Critics of the exchanges say the initial penalties are too low, and many candidates for coverage may choose to pay the fine because it is cheaper than the cost of coverage.
What else is changing?
Insurers on the exchanges can take into account the age of the applicant. Older enrollees who are likely to have more health concerns will pay a bit more.
But insurers can’t ask about pre-existing conditions and will no longer be able to use an individual’s medical history to deny or increase the cost of coverage.
There will be a greater emphasis in these policies on preventative care and annual out-of-pocket costs for medical services and medications are capped.
People who aren’t in the country legally aren’t eligible for coverage, but their American-born children can get a “child-only” policy.

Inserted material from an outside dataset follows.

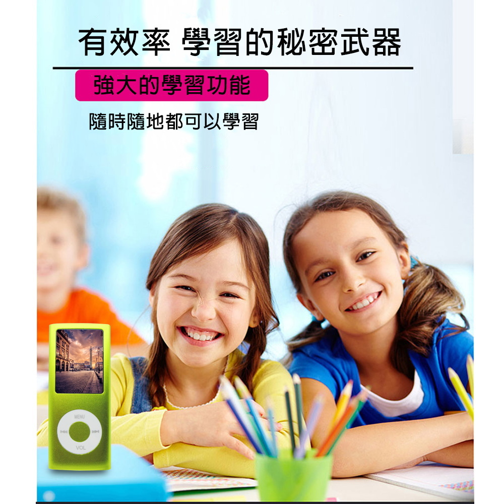 《商品介紹》音樂聽不累可看影片及照片1.8吋26萬色TFT螢幕高音質MP3音樂播放彩色照片及影片播放金屬外殼,輕薄好攜帶支援TF卡插卡功能支援多種音樂格式真正支援電影播放最高等級真正1.8吋大螢幕TFT屏26萬5000色彩色螢幕多種音效模式,讓您愛怎麼聽就怎麼聽電子相簿JPEG圖片瀏覽功能電子書TXT文字閱讀功能睡眠定時關機設置背光時間設置、省電模式設置、螢幕亮度設置最新全彩圖形化界面操作,方便易懂可設置在多長時間內無按鍵操作屏幕變黑(0~30秒)睡眠模式讓你可設定0~120分鐘省電功能讓你可設定 0~60 秒螢幕保護省電使用電源是內置高效能鋰電池《注意事項》本商品無內建記憶體,需外接插卡才可以使用

“Child-only” coverage will also be an option for parents who get self-only coverage at work, and seniors on medicare who are raising their grandchildren.
Do I have to decide now?
No. The open season runs from Oct. 1, 2013, to March 31, 2014. In subsequent years the enrollment period will only be three months.
Dec. 15 is the deadline for anyone who wants to be enrolled when coverage officially begins on Jan. 1.
Experts suggest collecting information and then waiting a bit for all the glitches that might be expected to accompany the launch of such a huge, computer-driven undertaking.
Carey says to remember the last big health care initiative — the launch of the medicare prescription drug benefit 10 years ago.
She notes there were all kinds of problems in the the beginning, but in time everything settled down. She expects some technical problems with the roll-out of the exchanges but adds, “the government usually knows to fix these things.”